• Data extract:
• • •
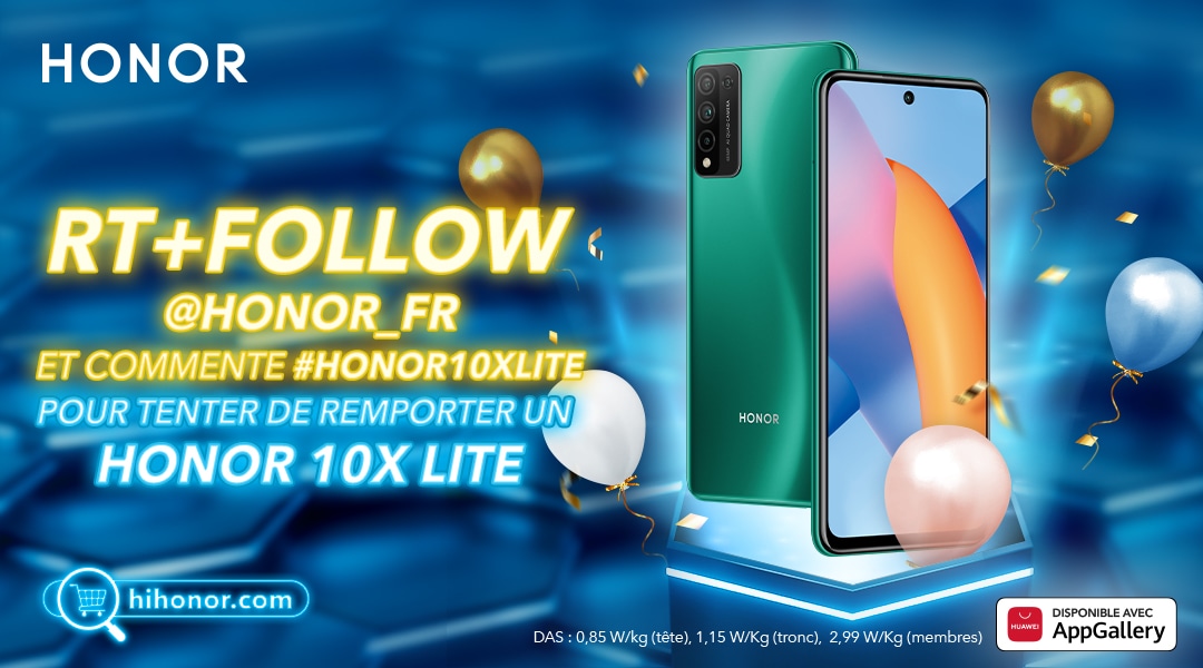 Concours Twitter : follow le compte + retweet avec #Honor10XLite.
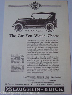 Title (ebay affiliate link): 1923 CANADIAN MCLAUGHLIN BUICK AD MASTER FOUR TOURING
• • •
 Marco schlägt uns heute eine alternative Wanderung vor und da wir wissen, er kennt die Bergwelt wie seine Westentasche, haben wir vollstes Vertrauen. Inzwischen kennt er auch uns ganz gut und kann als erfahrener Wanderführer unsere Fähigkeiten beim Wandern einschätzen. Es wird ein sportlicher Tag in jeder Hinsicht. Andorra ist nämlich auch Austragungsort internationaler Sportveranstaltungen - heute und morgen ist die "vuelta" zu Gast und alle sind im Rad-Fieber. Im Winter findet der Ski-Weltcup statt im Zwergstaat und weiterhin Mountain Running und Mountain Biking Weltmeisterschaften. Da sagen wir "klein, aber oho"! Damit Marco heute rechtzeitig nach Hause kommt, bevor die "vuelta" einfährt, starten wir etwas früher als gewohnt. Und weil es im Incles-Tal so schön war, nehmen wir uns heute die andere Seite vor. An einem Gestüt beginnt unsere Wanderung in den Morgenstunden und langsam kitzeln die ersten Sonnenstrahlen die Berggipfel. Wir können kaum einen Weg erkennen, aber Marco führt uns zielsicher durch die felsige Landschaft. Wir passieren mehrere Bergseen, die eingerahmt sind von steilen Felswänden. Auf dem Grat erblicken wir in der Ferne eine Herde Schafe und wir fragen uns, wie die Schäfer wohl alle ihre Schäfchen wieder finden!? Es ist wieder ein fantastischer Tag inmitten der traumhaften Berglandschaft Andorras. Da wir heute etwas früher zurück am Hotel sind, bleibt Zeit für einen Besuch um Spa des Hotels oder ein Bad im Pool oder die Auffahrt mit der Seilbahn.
• • •
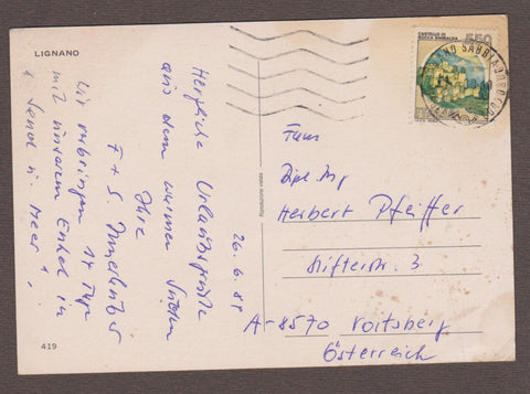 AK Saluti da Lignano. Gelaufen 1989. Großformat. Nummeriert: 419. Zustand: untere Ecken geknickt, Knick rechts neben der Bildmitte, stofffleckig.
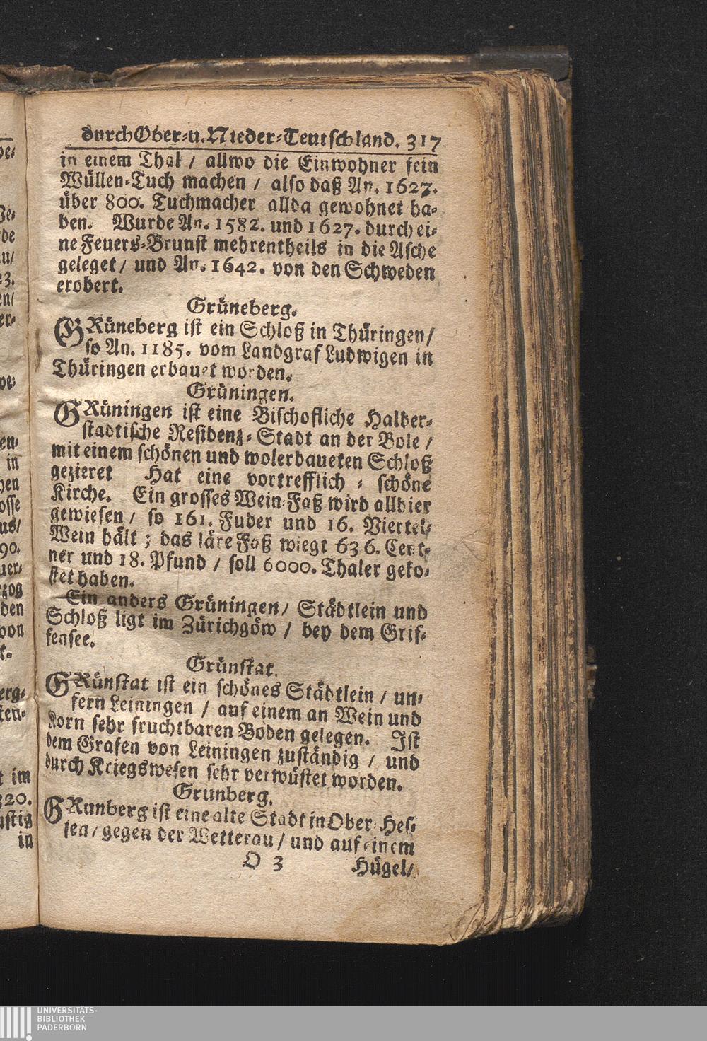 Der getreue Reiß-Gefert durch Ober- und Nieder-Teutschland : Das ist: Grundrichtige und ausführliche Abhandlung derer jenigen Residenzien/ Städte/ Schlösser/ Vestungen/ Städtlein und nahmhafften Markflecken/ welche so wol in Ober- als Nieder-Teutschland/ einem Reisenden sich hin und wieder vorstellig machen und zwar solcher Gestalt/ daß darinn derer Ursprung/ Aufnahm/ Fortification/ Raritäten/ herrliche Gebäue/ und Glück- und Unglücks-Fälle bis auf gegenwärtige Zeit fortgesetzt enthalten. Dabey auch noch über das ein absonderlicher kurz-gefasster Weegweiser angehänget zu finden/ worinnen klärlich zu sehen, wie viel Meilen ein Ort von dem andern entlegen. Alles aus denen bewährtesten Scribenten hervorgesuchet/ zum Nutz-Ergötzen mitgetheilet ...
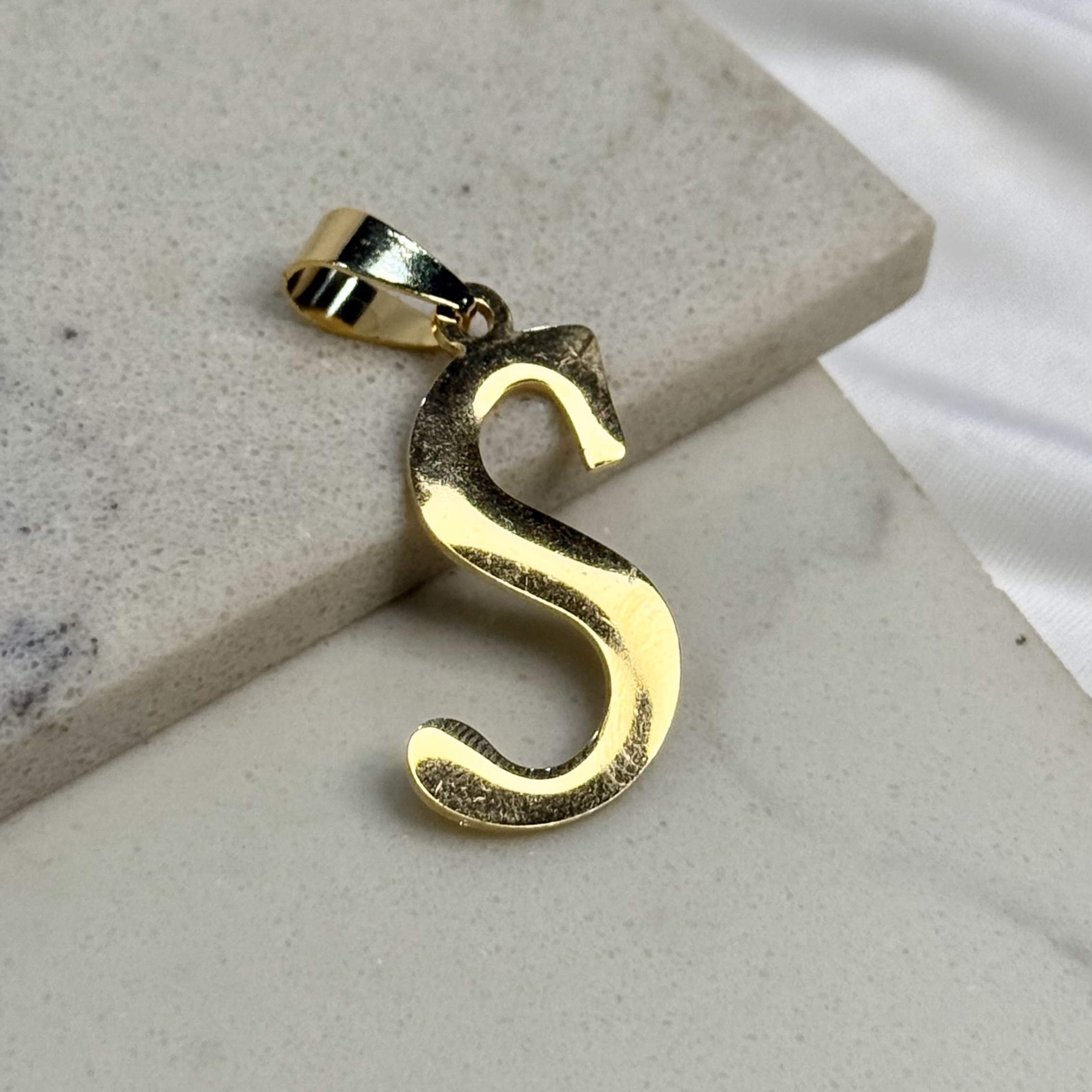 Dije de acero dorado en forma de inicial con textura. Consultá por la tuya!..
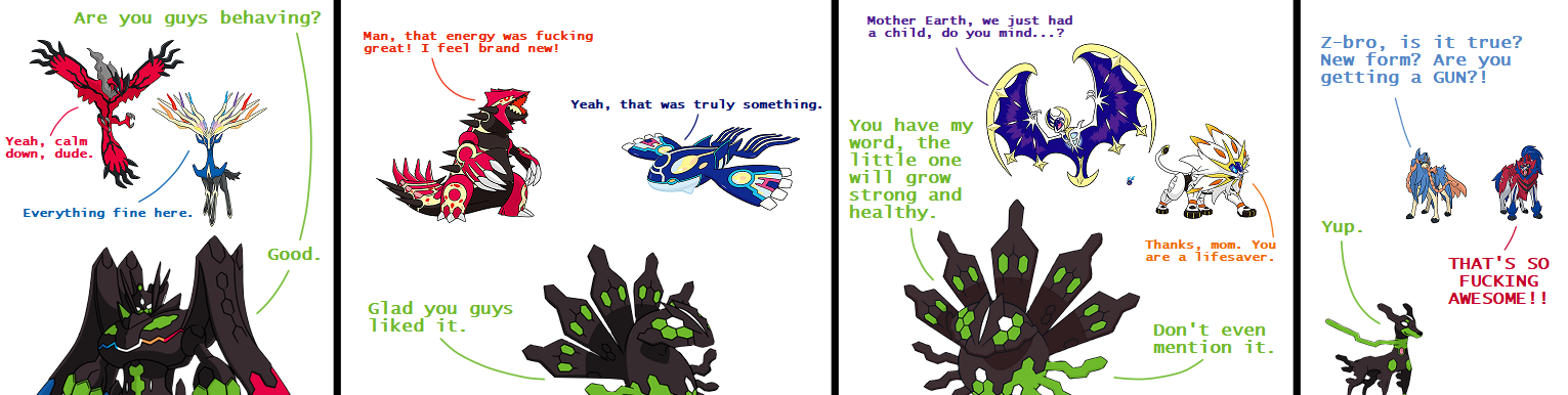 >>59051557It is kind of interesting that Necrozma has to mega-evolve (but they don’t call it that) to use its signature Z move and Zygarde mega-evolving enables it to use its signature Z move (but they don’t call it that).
• • •
• Task statement: Start at the line above containing "Concours Twitter : follow" and stop at the line containing "Title (ebay affiliate": print those lines and everything between them exactly, but not the pictures.

• Exercise response:
 Concours Twitter : follow le compte + retweet avec #Honor10XLite.
 Title (ebay affiliate link): 1923 CANADIAN MCLAUGHLIN BUICK AD MASTER FOUR TOURING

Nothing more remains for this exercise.